Midterm 1
Tyler J. Skluzacek
3/5/2015
require(Matrix)## Loading required package: Matrixoptions(warn=-1)
source("http://www.macalester.edu/~dshuman1/data/365/365Functions.r")Question 5:
We want to know whether the Jacobian converges faster with greater diagonal dominance. My initial hypothesis is that this does, in fact, happen. I will consider 3 cases, (3) where the dominant nonzero diagonal grows exponentially faster nonzero, dominated, non-diagonal values. (2) The case where everything but the diagonal is zero - but the diagonal grows. (1) The case where only the diagonal grows, but the other elements on the diagonal are nonzero.
This represents an edited version of the Jacobian that only returns steps.
jacobi = function(A,b,m=25,x = rep(0,n),p=2,tol=0.5*10^(-6),history=FALSE) {
n = length(b)
if (history) {
hist = matrix(NA,nrow=length(b),ncol=(m+1))
hist[,1] = x
}
d = diag(A)
R = A
R[cbind((1:n),(1:n))] = 0 # allows for r to be sparse
steps=0
for (j in 1:m) {
x = (b - R %*% x)/d
steps = steps+1
if (history) {hist[,(j+1)] = as.matrix(x)}
if (vnorm(b-A%*%x,p) <= vnorm(b,p)*tol) break
}
if (history) return(list(x=x,iterations=steps))

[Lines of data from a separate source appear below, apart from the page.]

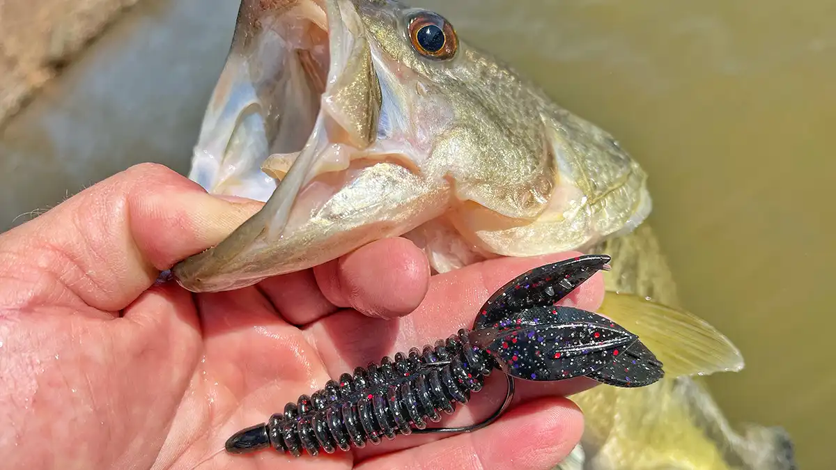 A bullet weight on a free rig is essentially an unpegged Texas rig. Many anglers now use bobber stoppers or pegs to keep the bullet weight close to the nose of a Texas rig. But, if you go with an unpegged weight, the bait can wash around freely a bit more, moving away from the weight a little. This rig is finessier and works better with lighter weights than you’d use with a traditional Texas rig as well.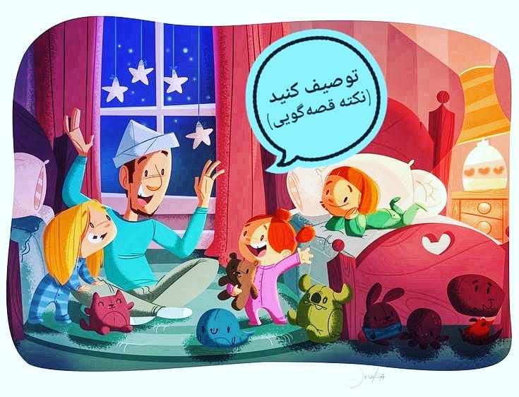 با توصیف، داستان را زنده کنید. وقتی میگویید خاله پیرزن از سوراخ کدو بیرون را نگاه کرد گرگ را دید کمی محیط یا حالت گرگ یا هر چه به ذهن خلاقتان میرسد را توصیف کنید. در توصیفات از حواس پنجگانهتون استفاده کنید. البته لازم نیست همهشان را یکجا به کار بگیرید. مثلا خاله پیرزن از سوراخ کدو گرگ را میبیند( بینایی) و حال و روزش را توصیف میکند و صدای قار و قور شکم گرگ را میشنود.( شنوایی) گفتن جزییات داستان را خیالانگیزتر میکند. این توصیف کردن علاوه بر فوایدی که گفتیم برای قصهگو هم مفید است. کلمات از بایگانی ذهن خارج میشوند و دایره لغاتمان گستردهتر میشود. یک تمرین خلاقیت برای قصهگوست که داستان را چطور ببیند بشنود و درک کند. منتظر تمرین برای نکتهای که گفتیم باشید. #زیرگنبدکبود #زیر_گنبد_کبود #کتاب #کتاب_کودک #قصه #قصه_گویی #کتابخوانی #کتابخانه #کتاب_خوب #لالایی #داستان #ادبیات_کودکان #شعر_کودک #داستان_کودک #کتابخوانی #کتابخوارها #معرفی_کتاب #راهنمای_مطالعه #راهنمای_والدین #فرزندپروری #مربی_کودک #راهنمای_کتاب #والدین_قصه_گو #تصویرگری #آموزش_قصه_گویی #آموزش #معرفی_کتاب_کودک #خردسال #داستان_سرایی #نقالی #تربیت_فرزند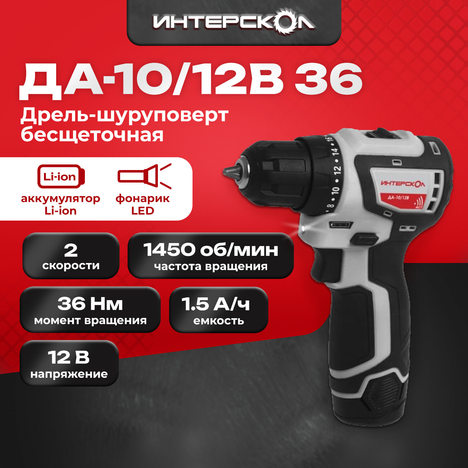 Аккумуляторная дрель-шуруповерт бесщеточная ИНТЕРСКОЛ ДА-10/12В (Li-ion, 2 аккум., 1,5Ач) в коробке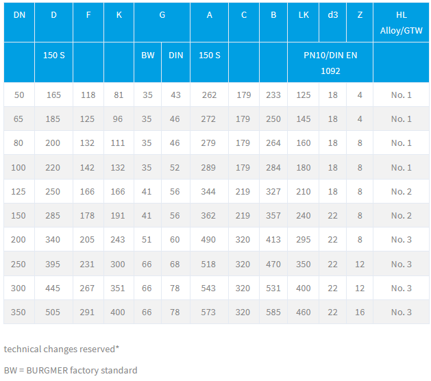 - Face to Face length: BURGMER-factory standard, EN 558-1 line 20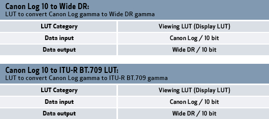 The Canon Log feature includes two Look Up Tables (LUTs) that correct the recorded image’s gamma and color space when viewed on an external monitor. With Canon Log 10 to Wide DR LUT, the video file is converted to Wide Dynamic Range gamma, with well-preserved highlights and shadow detail. With Canon Log 10 to ITU-R BT.709 LUT, the file is converted to ITU-R BT.709, providing conventional camcorder specs for viewing in a color space consistent with an HDTV.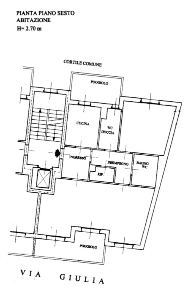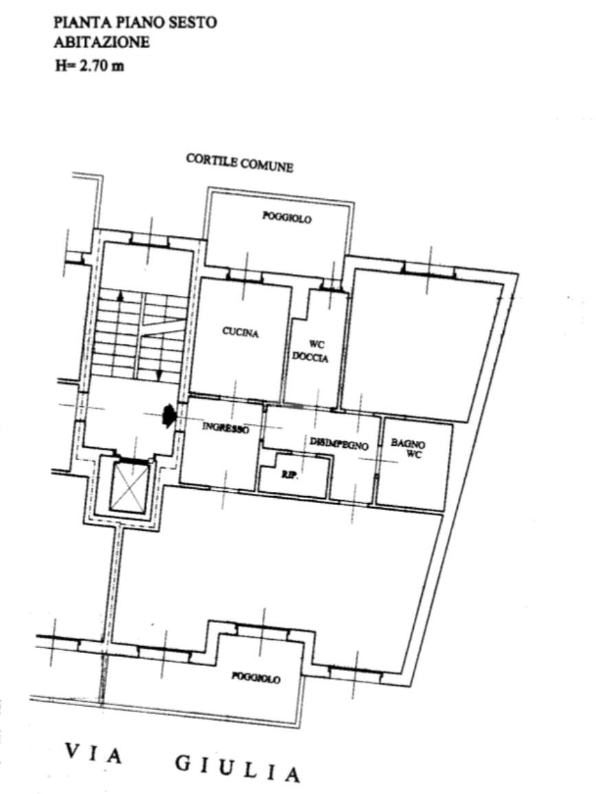 VIA GIULIA: luminoso trilocale con doppio balcone al piano alto di uno stabile SENZA BARRIERE ARCHITETTONICHE.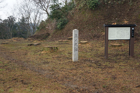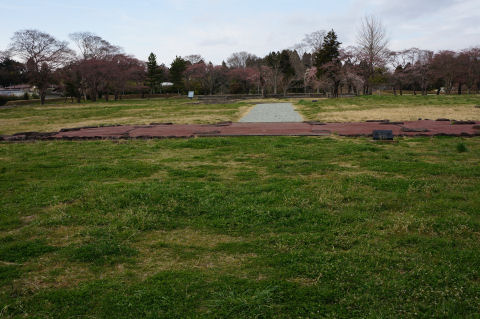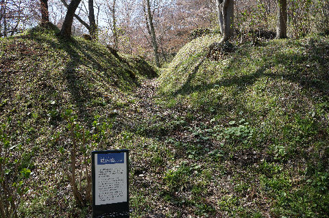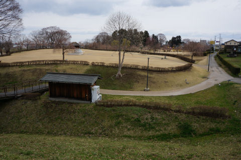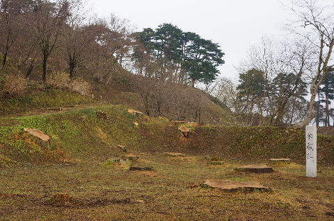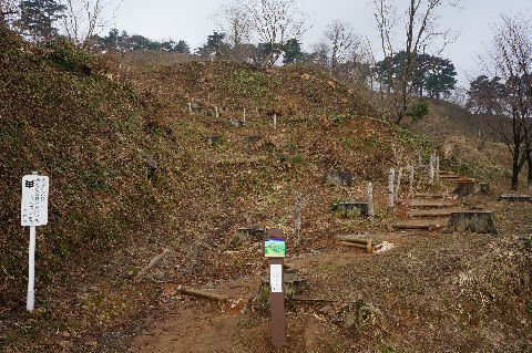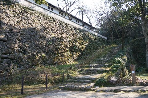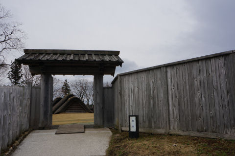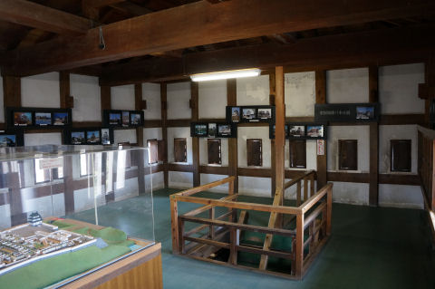 石垣もなく土塁が残る丘武家屋敷の跡が発掘されて再現建物が作られている、施設は入場無料。松山城と並存で知名度が低いが100名城選定で来場者増加? |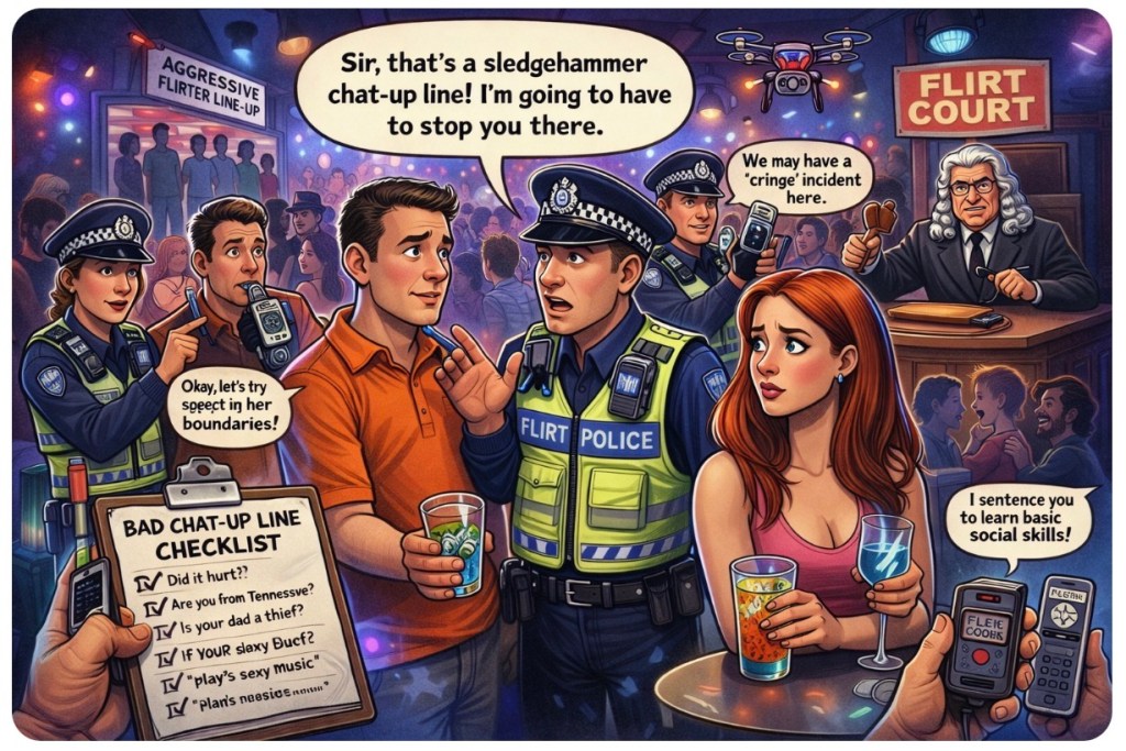 🍸🚨Just when you thought British nightlife had already been regulated to death by queues, wristbands, and bouncers with the personality of airport security, along comes the next frontier of public safety: government-backed nightclub vigilance against bad chat-up lines.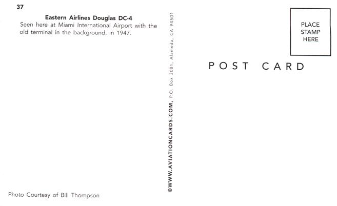 Eastern Airlines Douglas DC-4 at old Miami Terminal.Standard sized chrome card.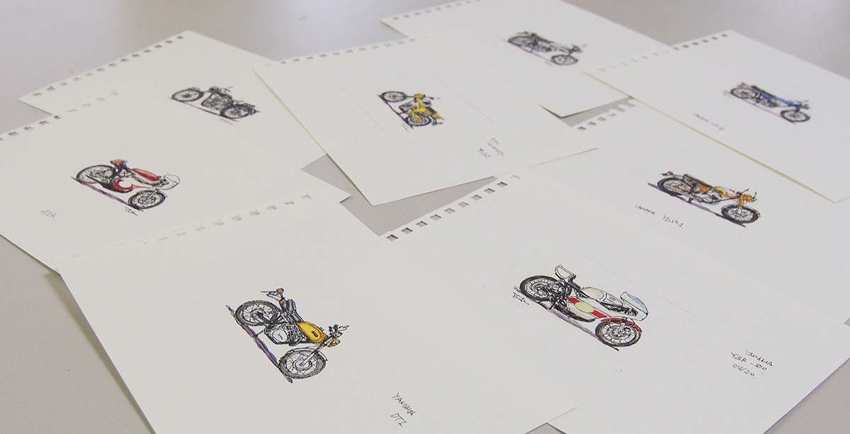 絵としてはバイクの方が描いていて楽しいですね。特にロードレーサーのカウルを外した、エンジン部のメカ剥き出しのものは写真を見てるだけでもワクワクしますが、それを描くのもまた没頭できて楽しいです。
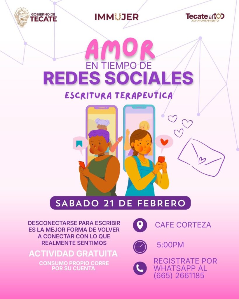 Tecate, Baja California, 20 de febrero de 2026.- Con el propósito de generar espacios de reflexión y bienestar emocional, el Gobierno de Tecate, a través del Instituto Municipal de la Mujer (IMMUJER), invita a la comunidad a participar en la actividad “Amor en Tiempo de Redes Sociales: Escritura Terapéutica”, una experiencia diseñada para promover la conexión personal y el manejo saludable de las emociones en la era digital.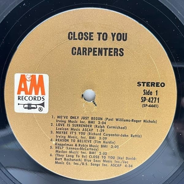 ほぼ美盤!! USオリジナル 初版 茶ラベ CARPENTERS Close To You ('70 A&M) カーペンターズ 米 初回プレス 遥かなる影, 愛のプレリュード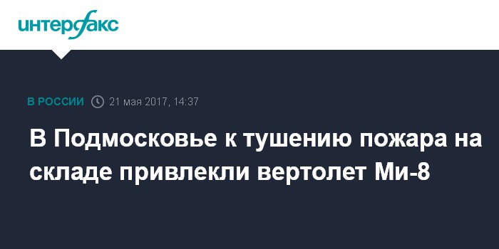 Москва. 21 мая. INTERFAX.RU - Для тушения пожара на складе в подмосковном Лыткарино задействовали вертолет, сообщили "Интерфаксу" в Национальном центре управления в кризисных ситуациях МЧС России.

else return(list(x=x,steps=steps))
}- Case where the strictly dominant diagonal grows linearly, while the other nonzero entries remain constant. For this, we choose an arbitrary A that meets those criteria.
b = c(1,2,3,4)
TestCase1 = function(a) {
A = rbind(c(a, 2, 3, 4), c(1,a,3,4), c(1,2, a, 4), c(1,2,3,a))
A
}
StoreCase1 = function(a) {
vector = c(0,100)
for (i in 1:100) {
jacob = (jacobi(TestCase1(a),b, m=100))$steps
jacob = Matrix(jacob)
vector[i] = jacob[1,]
a = a + 1
}
vector
}
steps = seq(10,109,1)
plot(steps, StoreCase1(10), ylab = "Steps Required", xlab = "Value of Diagonal Entries", main = "Linearly Increasing Diagonal")
Based on the plot, the number of steps required to estimate using the Jacobian decreases logarithmically as the value of the diagonal increases linearly.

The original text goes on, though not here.